■ **Exercise**
Your task is to transcribe the records exactly, skipping every image.

=-=-=

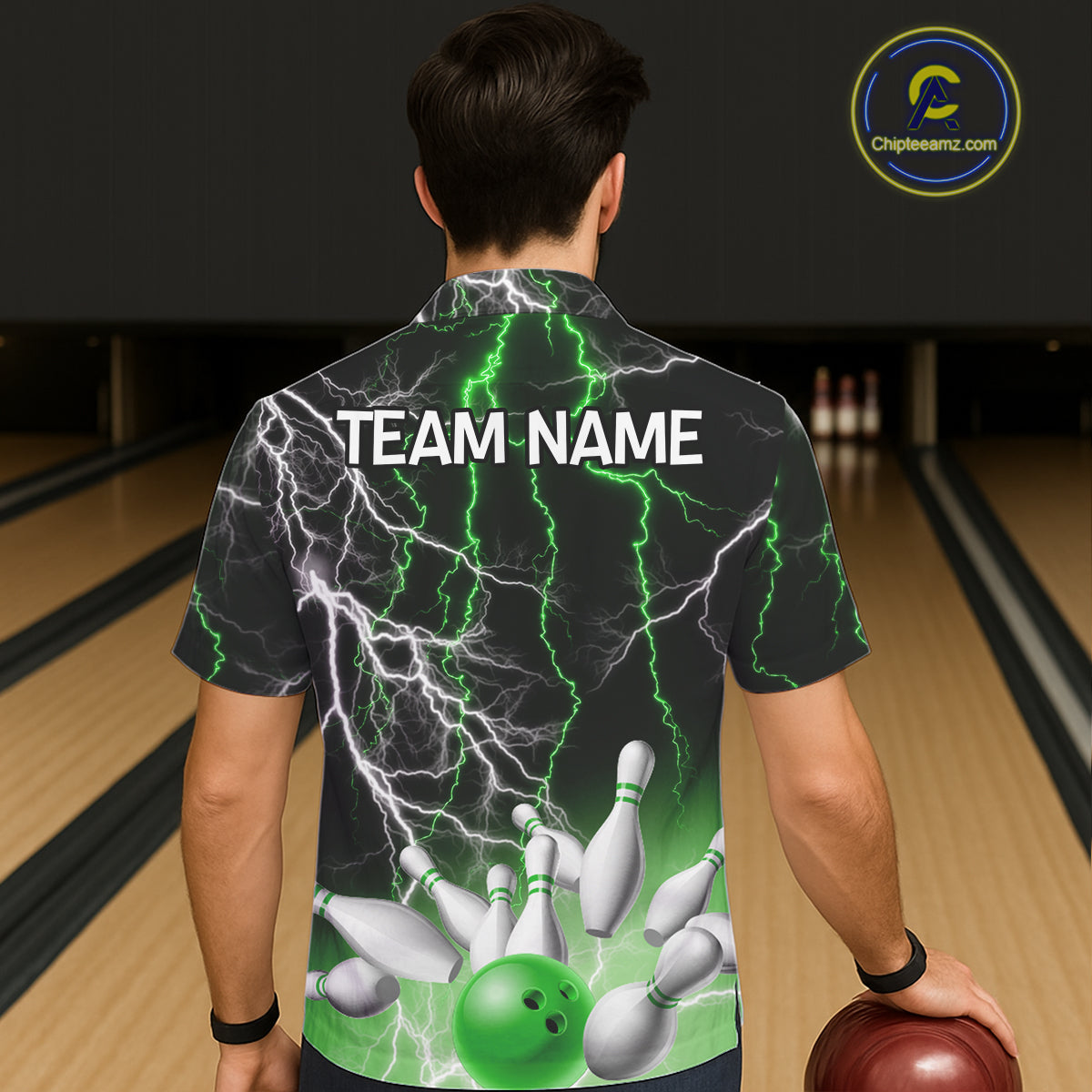 Bowling Hawaiian Shirt Custom Green lightning thunder team bowling league jerseys NQS11262
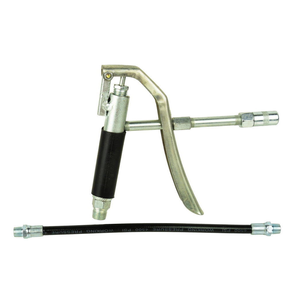 Tento PISTOL PRE MAZNICU S FLEXIBILNOU HADICOU je náhradný diel určený pre 6-litrové mazacie pumpy. Používa sa na vykonávanie údržbárskych a mazacích prác. Pištoľ je vybavená rovnou kovovou trubicou s dĺžkou 6 cm, ako aj flexibilnou hadicou s dĺžkou 24 cm. Okrem toho má protišmykovú rukoväť a 4-čelusťovú spojku.
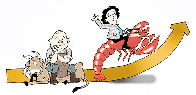 “Nhưng giờ gió đã đổi chiều! Tôm hùm một ký chỉ còn 70 đô, bằng nửa giá năm ngoái!” “Trong khi giá thứ nào cũng leo lên giá tôm hùm lại tuột xuống? Tại sao vậy?”
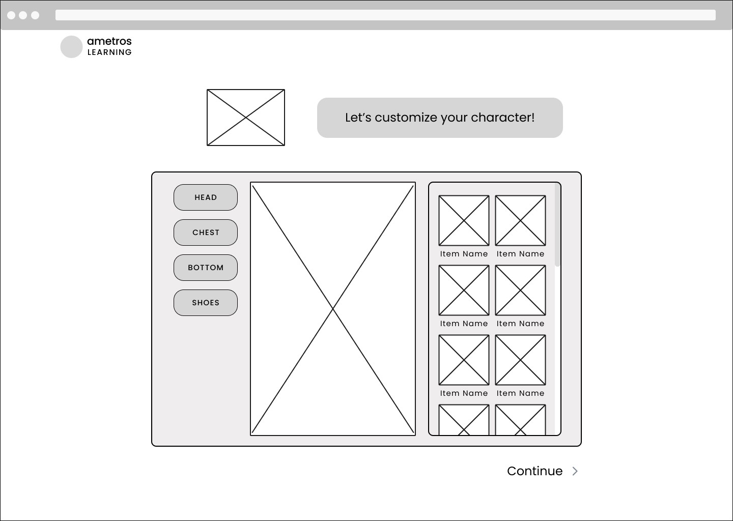 Prototype functionalities were limited, such as not having many interactions in the customization wireframe. 6 out of 7 participants wanted a clickable and variety of options for avatar customizations.
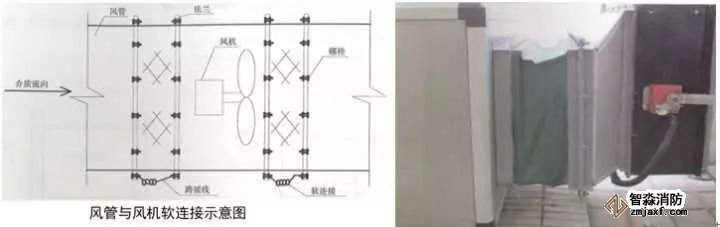 3、風管與風機軟連接:確定風管與風機之間的距離和同心性,距離要求150~200mm,風管、風機同心徑;制作軟接兩端法蘭,中低壓系統(tǒng)法蘭螺栓孔間距120~150mm,高壓及凈化系統(tǒng)距80~100mm,軟接長度為法蘭間距加20~30mm伸縮量,用鉚釘將軟接均勻平整的固定在法蘭上,鉚釘位置和法蘭螺栓位置對應,風機法蘭與風管法蘭螺栓孔對應,螺栓朝向與介質(zhì)流向一致,螺栓外露長度為2~3扣絲。屋面與防暴場所采用不小于4mm²的黃綠雙色銅芯軟線壓接銅鼻子接地跨接。成排風機中心線應在一條線上。
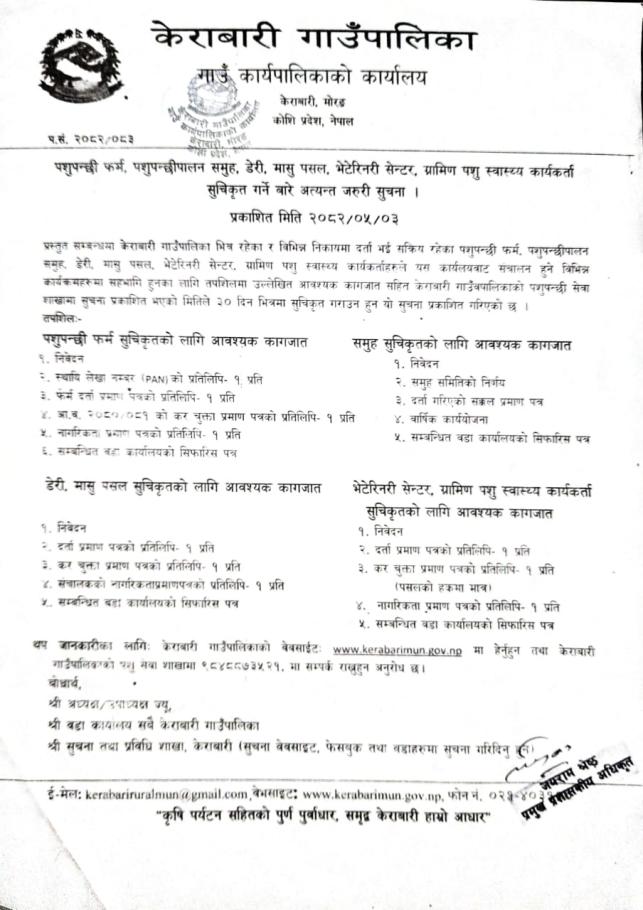 » पशुपन्छी फर्म, पशुपन्छीपालन समुह, डेरी, मासु पसल, भेटेरिनरी सेन्टर, ग्रामिण पशु स्वास्थ्य कार्यकर्ता सुचिकृत गर्ने वारे अत्यन्त जरुरी सूचना ।

=-=-=

■ **Output**
 Bowling Hawaiian Shirt Custom Green lightning thunder team bowling league jerseys NQS11262
 Tento PISTOL PRE MAZNICU S FLEXIBILNOU HADICOU je náhradný diel určený pre 6-litrové mazacie pumpy. Používa sa na vykonávanie údržbárskych a mazacích prác. Pištoľ je vybavená rovnou kovovou trubicou s dĺžkou 6 cm, ako aj flexibilnou hadicou s dĺžkou 24 cm. Okrem toho má protišmykovú rukoväť a 4-čelusťovú spojku.
 “Nhưng giờ gió đã đổi chiều! Tôm hùm một ký chỉ còn 70 đô, bằng nửa giá năm ngoái!” “Trong khi giá thứ nào cũng leo lên giá tôm hùm lại tuột xuống? Tại sao vậy?”
 Prototype functionalities were limited, such as not having many interactions in the customization wireframe. 6 out of 7 participants wanted a clickable and variety of options for avatar customizations.
 3、風管與風機軟連接:確定風管與風機之間的距離和同心性,距離要求150~200mm,風管、風機同心徑;制作軟接兩端法蘭,中低壓系統(tǒng)法蘭螺栓孔間距120~150mm,高壓及凈化系統(tǒng)距80~100mm,軟接長度為法蘭間距加20~30mm伸縮量,用鉚釘將軟接均勻平整的固定在法蘭上,鉚釘位置和法蘭螺栓位置對應,風機法蘭與風管法蘭螺栓孔對應,螺栓朝向與介質(zhì)流向一致,螺栓外露長度為2~3扣絲。屋面與防暴場所采用不小于4mm²的黃綠雙色銅芯軟線壓接銅鼻子接地跨接。成排風機中心線應在一條線上。
 » पशुपन्छी फर्म, पशुपन्छीपालन समुह, डेरी, मासु पसल, भेटेरिनरी सेन्टर, ग्रामिण पशु स्वास्थ्य कार्यकर्ता सुचिकृत गर्ने वारे अत्यन्त जरुरी सूचना ।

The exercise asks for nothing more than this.